## REQUIRED ACTION
When you reach the line containing "四平市神农医院、四平市吉奥脑", start transcribing exactly and continue through the last line of the data, skipping every picture.

## DATA SEGMENT
*** Begin section ***
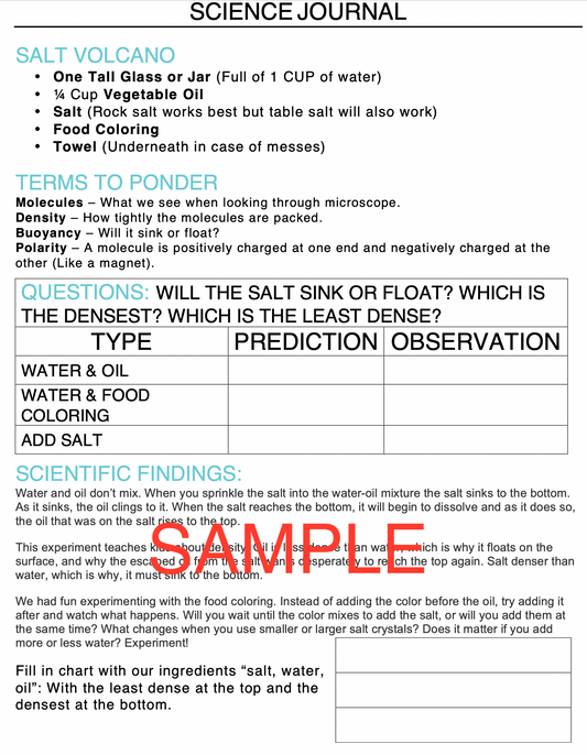 Salt Volcano Science Experiment Journal & Step-By-Step Instructions
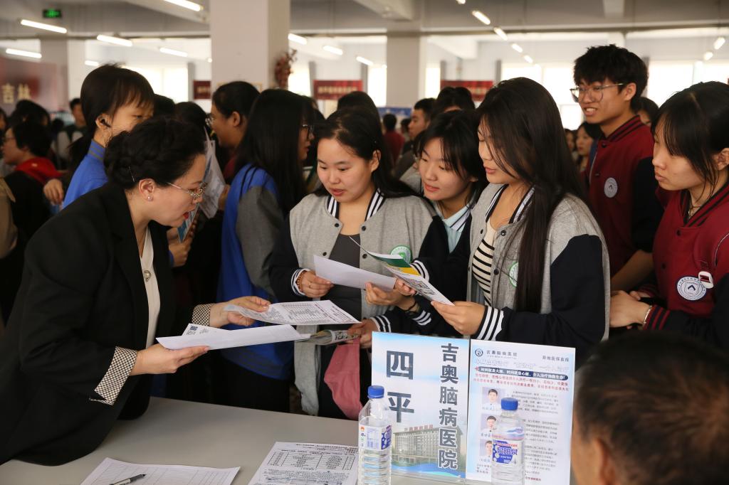 四平市神农医院、四平市吉奥脑病医院、四平市资生康复医院等11家医院参加本次活动,提供就业岗位214个,涵盖临床医学、口腔医学、医学影像技术、中医学、康复治疗技术等专业。来自11家医院的人力资源部工作人员精心准备,积极应对,通过派发宣传册、海报展示以及现场宣讲等方式,让求职学生更快速更直观地了解医院基本概况和独特优势。活动现场气氛热烈,1000多名毕业生及大一、大二在校生纷纷前来现场咨询,工作人员亲切交谈,耐心解答。铁西区人社局设立了政策咨询处,为学生讲解就业、人才、社保政策,现场接待咨询400余次,发放《初次创业补贴政策》《就业政策宣传手册》等宣传材料1000余份。
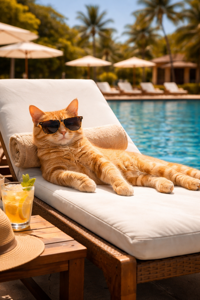 Os turistas se depararam com um pet relaxando tranquilamente em uma cadeira de piscina que supostamente seria deles. O gato parecia completamente à vontade, como se fosse o verdadeiro dono do espaço.
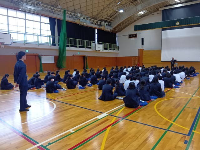 1年間の学校生活について、担当の先生から様々なお話がありました。授業を大事にすること、ルールを守ること、時間を大切にすることなど、当たり前の行動ができる学年にさらになっていくことを期待しています。生徒はとても静かに先生の話を聞くことができていました。
*** End section ***
## RESULT OF THE TASK
 四平市神农医院、四平市吉奥脑病医院、四平市资生康复医院等11家医院参加本次活动,提供就业岗位214个,涵盖临床医学、口腔医学、医学影像技术、中医学、康复治疗技术等专业。来自11家医院的人力资源部工作人员精心准备,积极应对,通过派发宣传册、海报展示以及现场宣讲等方式,让求职学生更快速更直观地了解医院基本概况和独特优势。活动现场气氛热烈,1000多名毕业生及大一、大二在校生纷纷前来现场咨询,工作人员亲切交谈,耐心解答。铁西区人社局设立了政策咨询处,为学生讲解就业、人才、社保政策,现场接待咨询400余次,发放《初次创业补贴政策》《就业政策宣传手册》等宣传材料1000余份。
 Os turistas se depararam com um pet relaxando tranquilamente em uma cadeira de piscina que supostamente seria deles. O gato parecia completamente à vontade, como se fosse o verdadeiro dono do espaço.
 1年間の学校生活について、担当の先生から様々なお話がありました。授業を大事にすること、ルールを守ること、時間を大切にすることなど、当たり前の行動ができる学年にさらになっていくことを期待しています。生徒はとても静かに先生の話を聞くことができていました。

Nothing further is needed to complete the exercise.